== Work request ==
Where a line in the data below includes the word "with", count it. State the total and nothing more.

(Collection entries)
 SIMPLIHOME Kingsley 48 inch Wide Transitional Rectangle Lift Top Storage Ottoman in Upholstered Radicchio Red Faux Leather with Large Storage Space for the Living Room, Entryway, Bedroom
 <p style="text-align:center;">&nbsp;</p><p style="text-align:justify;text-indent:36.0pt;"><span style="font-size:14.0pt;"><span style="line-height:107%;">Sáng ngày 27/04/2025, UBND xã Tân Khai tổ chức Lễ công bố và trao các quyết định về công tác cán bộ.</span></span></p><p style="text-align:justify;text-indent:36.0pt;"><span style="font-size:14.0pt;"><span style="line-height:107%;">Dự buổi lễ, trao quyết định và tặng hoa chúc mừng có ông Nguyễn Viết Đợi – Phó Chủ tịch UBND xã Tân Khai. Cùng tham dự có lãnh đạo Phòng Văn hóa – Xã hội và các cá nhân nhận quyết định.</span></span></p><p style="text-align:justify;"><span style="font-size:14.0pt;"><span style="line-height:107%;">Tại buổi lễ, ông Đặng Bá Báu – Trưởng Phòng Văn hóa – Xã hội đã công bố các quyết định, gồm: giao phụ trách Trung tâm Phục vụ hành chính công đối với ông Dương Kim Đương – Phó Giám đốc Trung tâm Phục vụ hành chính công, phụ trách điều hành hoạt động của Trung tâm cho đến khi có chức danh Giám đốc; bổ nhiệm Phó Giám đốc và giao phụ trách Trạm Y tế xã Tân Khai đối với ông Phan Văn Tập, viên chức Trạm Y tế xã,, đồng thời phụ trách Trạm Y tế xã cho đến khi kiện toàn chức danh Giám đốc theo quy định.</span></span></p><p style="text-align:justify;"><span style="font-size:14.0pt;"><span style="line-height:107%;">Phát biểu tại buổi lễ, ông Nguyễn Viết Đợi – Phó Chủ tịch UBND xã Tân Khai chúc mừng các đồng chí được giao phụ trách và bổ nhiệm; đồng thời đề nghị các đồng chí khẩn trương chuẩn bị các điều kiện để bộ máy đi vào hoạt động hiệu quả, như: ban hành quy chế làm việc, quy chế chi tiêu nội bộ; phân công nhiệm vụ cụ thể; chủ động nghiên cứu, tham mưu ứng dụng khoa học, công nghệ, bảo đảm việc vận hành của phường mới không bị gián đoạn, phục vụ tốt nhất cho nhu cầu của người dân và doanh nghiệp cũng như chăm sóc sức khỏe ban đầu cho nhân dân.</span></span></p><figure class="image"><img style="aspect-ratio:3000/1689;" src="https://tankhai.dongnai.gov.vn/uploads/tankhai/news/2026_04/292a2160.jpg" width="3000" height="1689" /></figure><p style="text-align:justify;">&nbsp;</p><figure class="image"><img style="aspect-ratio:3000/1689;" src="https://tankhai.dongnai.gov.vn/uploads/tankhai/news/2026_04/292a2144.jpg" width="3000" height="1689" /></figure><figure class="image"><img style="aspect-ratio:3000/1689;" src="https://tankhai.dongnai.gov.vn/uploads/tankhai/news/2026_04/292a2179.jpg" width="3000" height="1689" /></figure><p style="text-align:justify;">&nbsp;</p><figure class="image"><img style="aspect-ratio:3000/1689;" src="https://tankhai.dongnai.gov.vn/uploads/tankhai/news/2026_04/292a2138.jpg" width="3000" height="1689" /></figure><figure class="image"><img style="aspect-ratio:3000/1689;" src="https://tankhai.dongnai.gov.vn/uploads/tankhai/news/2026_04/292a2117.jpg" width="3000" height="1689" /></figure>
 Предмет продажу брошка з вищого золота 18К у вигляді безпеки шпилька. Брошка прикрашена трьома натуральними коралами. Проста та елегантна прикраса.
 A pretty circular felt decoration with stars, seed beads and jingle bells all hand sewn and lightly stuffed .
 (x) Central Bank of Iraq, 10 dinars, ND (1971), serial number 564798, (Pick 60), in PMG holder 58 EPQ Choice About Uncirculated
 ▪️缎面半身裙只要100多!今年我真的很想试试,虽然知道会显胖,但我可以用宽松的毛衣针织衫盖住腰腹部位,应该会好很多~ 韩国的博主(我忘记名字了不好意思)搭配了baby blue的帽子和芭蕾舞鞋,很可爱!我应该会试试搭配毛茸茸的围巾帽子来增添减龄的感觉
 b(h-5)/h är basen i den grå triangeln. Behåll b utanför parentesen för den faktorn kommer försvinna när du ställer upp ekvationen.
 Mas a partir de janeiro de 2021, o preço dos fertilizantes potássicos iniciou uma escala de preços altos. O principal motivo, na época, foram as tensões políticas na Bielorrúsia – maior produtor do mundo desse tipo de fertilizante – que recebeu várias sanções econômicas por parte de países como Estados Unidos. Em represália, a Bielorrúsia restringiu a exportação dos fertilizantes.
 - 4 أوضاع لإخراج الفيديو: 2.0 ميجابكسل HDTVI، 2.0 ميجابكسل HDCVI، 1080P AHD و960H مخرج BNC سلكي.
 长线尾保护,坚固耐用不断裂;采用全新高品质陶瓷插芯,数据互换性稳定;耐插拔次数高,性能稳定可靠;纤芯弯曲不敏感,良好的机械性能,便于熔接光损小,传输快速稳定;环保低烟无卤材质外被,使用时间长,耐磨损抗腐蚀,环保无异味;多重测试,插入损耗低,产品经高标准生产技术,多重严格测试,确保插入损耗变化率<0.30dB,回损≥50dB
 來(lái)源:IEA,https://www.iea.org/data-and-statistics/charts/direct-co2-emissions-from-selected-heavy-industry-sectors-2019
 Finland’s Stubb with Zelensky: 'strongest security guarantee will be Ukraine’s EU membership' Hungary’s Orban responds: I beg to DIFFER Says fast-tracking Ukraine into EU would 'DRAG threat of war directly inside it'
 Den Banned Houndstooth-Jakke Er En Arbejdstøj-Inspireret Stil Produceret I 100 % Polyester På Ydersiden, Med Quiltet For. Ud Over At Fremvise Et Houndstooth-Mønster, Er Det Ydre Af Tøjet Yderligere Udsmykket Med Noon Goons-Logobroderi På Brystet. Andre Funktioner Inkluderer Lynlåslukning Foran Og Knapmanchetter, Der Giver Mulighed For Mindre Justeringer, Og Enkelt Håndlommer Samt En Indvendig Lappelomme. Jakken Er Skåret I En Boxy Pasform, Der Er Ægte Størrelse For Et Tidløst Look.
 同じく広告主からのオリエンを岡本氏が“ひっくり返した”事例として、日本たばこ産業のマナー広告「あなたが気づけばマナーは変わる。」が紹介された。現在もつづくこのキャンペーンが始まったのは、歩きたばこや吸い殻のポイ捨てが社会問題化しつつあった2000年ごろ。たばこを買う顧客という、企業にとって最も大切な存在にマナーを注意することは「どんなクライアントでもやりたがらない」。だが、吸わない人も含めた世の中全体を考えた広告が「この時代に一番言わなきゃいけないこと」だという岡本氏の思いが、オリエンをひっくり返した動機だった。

== Answer box ==
3